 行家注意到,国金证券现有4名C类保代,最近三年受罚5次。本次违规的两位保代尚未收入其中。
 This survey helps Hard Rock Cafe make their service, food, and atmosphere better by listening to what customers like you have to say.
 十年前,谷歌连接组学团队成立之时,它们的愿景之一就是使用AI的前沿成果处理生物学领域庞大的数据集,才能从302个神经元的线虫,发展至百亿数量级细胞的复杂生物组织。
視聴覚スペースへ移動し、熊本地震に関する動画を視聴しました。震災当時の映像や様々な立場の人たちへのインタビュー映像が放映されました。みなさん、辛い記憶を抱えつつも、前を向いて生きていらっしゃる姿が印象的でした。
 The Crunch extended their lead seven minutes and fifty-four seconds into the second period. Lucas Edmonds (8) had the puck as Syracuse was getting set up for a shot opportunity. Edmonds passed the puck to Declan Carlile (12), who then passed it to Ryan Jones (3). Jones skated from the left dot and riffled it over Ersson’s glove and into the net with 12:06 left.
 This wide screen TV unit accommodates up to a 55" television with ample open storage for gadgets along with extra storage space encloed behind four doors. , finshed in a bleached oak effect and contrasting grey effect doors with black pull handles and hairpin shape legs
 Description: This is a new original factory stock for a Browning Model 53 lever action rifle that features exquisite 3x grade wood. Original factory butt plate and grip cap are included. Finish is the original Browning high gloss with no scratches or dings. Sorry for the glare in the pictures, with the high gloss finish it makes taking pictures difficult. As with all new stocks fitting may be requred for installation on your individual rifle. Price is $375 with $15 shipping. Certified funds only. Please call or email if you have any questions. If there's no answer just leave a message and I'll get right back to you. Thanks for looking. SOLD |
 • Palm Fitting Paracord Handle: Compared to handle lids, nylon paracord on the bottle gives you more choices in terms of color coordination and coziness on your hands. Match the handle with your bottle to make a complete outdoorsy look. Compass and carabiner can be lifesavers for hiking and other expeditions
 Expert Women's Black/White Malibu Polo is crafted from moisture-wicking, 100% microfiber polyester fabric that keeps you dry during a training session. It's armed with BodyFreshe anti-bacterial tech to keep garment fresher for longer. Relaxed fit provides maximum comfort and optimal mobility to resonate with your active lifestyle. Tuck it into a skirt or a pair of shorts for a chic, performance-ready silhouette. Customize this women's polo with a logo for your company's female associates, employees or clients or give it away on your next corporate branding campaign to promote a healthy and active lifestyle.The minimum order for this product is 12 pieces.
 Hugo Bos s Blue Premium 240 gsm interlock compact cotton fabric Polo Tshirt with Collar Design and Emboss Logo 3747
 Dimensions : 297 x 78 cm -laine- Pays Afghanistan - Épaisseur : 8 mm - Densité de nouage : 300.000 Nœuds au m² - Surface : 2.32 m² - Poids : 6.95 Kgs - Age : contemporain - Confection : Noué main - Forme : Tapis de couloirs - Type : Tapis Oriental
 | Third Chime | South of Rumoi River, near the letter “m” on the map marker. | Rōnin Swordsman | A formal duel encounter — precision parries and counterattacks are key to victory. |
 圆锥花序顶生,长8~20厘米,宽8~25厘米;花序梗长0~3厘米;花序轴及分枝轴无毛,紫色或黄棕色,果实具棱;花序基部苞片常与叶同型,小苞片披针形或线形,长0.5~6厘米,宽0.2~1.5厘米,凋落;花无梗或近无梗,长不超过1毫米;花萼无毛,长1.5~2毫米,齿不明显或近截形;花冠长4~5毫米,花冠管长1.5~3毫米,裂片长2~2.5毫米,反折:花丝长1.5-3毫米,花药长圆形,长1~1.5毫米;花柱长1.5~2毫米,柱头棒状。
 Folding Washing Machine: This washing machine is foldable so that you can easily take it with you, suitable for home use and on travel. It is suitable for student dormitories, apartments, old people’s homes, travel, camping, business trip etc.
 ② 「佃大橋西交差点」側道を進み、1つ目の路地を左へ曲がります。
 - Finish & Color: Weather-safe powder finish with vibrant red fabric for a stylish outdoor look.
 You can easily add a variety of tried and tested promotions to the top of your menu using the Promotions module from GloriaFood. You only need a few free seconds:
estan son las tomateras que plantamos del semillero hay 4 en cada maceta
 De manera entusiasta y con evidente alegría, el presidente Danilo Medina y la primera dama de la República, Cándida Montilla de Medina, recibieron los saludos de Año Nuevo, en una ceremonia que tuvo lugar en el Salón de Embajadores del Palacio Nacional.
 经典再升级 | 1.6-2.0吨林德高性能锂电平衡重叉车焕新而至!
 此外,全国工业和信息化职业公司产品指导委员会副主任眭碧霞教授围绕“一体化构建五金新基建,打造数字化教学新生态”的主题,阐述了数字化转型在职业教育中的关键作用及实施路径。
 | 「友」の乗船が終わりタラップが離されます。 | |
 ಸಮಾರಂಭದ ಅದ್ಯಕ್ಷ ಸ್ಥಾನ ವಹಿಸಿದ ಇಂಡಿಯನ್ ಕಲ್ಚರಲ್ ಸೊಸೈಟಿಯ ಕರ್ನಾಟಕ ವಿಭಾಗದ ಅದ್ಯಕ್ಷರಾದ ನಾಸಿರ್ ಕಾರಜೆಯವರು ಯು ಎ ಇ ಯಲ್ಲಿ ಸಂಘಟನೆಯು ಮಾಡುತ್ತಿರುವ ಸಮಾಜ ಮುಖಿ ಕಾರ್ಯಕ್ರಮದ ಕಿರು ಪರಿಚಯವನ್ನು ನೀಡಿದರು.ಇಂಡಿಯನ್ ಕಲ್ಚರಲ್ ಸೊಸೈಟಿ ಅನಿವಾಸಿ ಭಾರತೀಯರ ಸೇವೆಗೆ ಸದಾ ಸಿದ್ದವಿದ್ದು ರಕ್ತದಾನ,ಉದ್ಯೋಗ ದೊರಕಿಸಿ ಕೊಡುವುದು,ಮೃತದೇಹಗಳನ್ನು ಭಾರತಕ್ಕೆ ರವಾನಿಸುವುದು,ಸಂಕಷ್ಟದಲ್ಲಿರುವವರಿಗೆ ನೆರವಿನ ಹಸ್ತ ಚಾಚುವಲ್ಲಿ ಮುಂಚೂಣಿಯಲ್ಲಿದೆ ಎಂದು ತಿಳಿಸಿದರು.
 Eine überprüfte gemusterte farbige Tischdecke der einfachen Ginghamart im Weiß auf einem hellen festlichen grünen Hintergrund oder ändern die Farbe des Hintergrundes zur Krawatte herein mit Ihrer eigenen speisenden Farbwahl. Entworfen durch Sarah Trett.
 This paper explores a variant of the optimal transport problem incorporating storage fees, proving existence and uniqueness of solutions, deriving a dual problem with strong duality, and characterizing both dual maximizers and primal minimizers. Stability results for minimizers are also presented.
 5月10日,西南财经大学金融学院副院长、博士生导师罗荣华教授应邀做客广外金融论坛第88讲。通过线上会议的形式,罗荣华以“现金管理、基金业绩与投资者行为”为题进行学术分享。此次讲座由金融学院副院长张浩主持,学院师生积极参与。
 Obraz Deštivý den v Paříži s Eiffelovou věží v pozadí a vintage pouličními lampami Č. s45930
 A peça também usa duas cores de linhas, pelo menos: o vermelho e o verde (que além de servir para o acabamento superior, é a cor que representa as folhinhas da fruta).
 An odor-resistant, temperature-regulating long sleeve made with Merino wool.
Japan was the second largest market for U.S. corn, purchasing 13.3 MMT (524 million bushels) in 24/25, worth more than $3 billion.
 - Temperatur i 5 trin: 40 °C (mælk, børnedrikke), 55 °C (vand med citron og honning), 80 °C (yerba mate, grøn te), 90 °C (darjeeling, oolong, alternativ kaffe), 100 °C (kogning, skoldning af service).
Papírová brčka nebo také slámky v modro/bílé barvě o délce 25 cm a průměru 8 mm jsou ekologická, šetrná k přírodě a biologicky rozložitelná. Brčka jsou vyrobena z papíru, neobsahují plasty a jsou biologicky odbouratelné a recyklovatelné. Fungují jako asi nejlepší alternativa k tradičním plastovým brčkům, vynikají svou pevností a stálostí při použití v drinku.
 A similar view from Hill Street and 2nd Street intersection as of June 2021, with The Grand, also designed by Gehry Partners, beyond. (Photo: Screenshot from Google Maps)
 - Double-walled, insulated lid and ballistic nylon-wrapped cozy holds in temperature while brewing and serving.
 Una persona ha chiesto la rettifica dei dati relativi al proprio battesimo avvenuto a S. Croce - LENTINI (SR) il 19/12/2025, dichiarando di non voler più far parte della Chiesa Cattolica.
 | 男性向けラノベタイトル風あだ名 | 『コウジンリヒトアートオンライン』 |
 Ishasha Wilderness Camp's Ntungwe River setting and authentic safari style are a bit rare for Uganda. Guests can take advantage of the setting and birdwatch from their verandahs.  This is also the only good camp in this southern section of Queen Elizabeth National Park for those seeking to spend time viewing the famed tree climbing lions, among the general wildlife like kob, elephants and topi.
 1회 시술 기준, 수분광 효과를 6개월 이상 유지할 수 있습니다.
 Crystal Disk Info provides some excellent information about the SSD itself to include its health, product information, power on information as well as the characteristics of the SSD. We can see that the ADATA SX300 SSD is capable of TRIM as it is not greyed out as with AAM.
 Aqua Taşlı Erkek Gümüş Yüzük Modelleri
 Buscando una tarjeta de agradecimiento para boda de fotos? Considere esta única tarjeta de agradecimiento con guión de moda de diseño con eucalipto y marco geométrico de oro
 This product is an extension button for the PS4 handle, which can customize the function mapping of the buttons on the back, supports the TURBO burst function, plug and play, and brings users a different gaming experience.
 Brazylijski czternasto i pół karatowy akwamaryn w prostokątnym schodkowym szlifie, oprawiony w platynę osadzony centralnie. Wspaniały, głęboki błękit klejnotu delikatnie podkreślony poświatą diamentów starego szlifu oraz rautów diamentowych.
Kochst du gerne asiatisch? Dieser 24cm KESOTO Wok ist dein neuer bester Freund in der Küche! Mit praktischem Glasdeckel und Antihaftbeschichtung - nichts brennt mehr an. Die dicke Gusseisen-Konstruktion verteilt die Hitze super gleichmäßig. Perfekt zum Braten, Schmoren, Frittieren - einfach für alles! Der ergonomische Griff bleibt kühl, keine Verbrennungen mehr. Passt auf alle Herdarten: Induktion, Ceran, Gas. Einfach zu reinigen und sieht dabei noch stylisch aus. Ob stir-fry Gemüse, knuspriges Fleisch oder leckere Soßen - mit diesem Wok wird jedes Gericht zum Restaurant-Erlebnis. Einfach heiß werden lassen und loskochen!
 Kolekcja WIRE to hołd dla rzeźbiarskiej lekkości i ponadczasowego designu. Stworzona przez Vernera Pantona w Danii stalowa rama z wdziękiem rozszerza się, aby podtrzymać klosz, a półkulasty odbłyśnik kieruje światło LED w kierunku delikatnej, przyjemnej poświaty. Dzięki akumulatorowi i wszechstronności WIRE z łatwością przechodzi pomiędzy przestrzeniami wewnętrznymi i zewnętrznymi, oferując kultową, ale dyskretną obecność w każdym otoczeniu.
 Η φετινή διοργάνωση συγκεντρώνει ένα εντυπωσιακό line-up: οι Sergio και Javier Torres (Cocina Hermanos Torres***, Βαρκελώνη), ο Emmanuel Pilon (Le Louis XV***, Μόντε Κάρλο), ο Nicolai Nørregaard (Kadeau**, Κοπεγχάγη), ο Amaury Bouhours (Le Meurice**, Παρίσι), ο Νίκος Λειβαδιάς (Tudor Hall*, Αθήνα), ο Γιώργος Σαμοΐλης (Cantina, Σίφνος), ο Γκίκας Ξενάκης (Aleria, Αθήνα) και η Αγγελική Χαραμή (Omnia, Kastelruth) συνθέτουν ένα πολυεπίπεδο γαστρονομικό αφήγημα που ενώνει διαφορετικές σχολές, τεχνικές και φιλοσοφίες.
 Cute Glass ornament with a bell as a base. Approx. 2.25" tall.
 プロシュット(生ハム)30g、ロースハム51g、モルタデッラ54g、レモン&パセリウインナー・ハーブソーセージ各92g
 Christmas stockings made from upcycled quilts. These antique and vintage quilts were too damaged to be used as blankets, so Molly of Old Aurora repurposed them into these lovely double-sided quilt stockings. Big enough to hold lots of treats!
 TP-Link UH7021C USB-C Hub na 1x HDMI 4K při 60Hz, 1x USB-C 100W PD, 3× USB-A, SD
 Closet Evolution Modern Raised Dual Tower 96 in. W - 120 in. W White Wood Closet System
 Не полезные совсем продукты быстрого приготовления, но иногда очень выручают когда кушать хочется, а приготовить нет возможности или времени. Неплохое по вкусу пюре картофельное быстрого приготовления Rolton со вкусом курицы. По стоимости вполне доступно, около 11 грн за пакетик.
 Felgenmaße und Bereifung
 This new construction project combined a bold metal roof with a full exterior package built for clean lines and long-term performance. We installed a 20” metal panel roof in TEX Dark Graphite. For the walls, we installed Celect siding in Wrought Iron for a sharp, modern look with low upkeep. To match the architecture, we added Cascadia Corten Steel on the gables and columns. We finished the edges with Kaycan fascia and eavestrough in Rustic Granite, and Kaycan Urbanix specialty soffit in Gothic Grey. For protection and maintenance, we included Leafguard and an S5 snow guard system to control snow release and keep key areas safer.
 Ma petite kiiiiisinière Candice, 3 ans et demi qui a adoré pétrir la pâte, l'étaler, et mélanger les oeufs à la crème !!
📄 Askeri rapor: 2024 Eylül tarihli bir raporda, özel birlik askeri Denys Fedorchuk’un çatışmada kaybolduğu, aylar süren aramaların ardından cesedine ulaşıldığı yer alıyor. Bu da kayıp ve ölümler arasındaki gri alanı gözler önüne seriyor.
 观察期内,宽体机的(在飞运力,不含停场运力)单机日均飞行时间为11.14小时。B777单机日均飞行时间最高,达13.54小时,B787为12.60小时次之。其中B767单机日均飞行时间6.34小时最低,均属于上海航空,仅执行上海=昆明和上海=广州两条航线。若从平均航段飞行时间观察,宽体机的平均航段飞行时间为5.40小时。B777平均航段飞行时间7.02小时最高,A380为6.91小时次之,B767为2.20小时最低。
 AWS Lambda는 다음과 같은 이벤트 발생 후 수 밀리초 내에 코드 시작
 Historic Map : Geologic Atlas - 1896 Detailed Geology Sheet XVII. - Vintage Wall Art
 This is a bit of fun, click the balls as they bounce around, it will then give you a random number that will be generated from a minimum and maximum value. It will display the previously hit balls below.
----------
• _Required work_
Restate the listing exactly, starting at its first line and ending at the line where "視聴覚スペースへ移動し、熊本" occurs; include both and no other lines.

• _Output below_
 行家注意到,国金证券现有4名C类保代,最近三年受罚5次。本次违规的两位保代尚未收入其中。
 This survey helps Hard Rock Cafe make their service, food, and atmosphere better by listening to what customers like you have to say.
 十年前,谷歌连接组学团队成立之时,它们的愿景之一就是使用AI的前沿成果处理生物学领域庞大的数据集,才能从302个神经元的线虫,发展至百亿数量级细胞的复杂生物组织。
視聴覚スペースへ移動し、熊本地震に関する動画を視聴しました。震災当時の映像や様々な立場の人たちへのインタビュー映像が放映されました。みなさん、辛い記憶を抱えつつも、前を向いて生きていらっしゃる姿が印象的でした。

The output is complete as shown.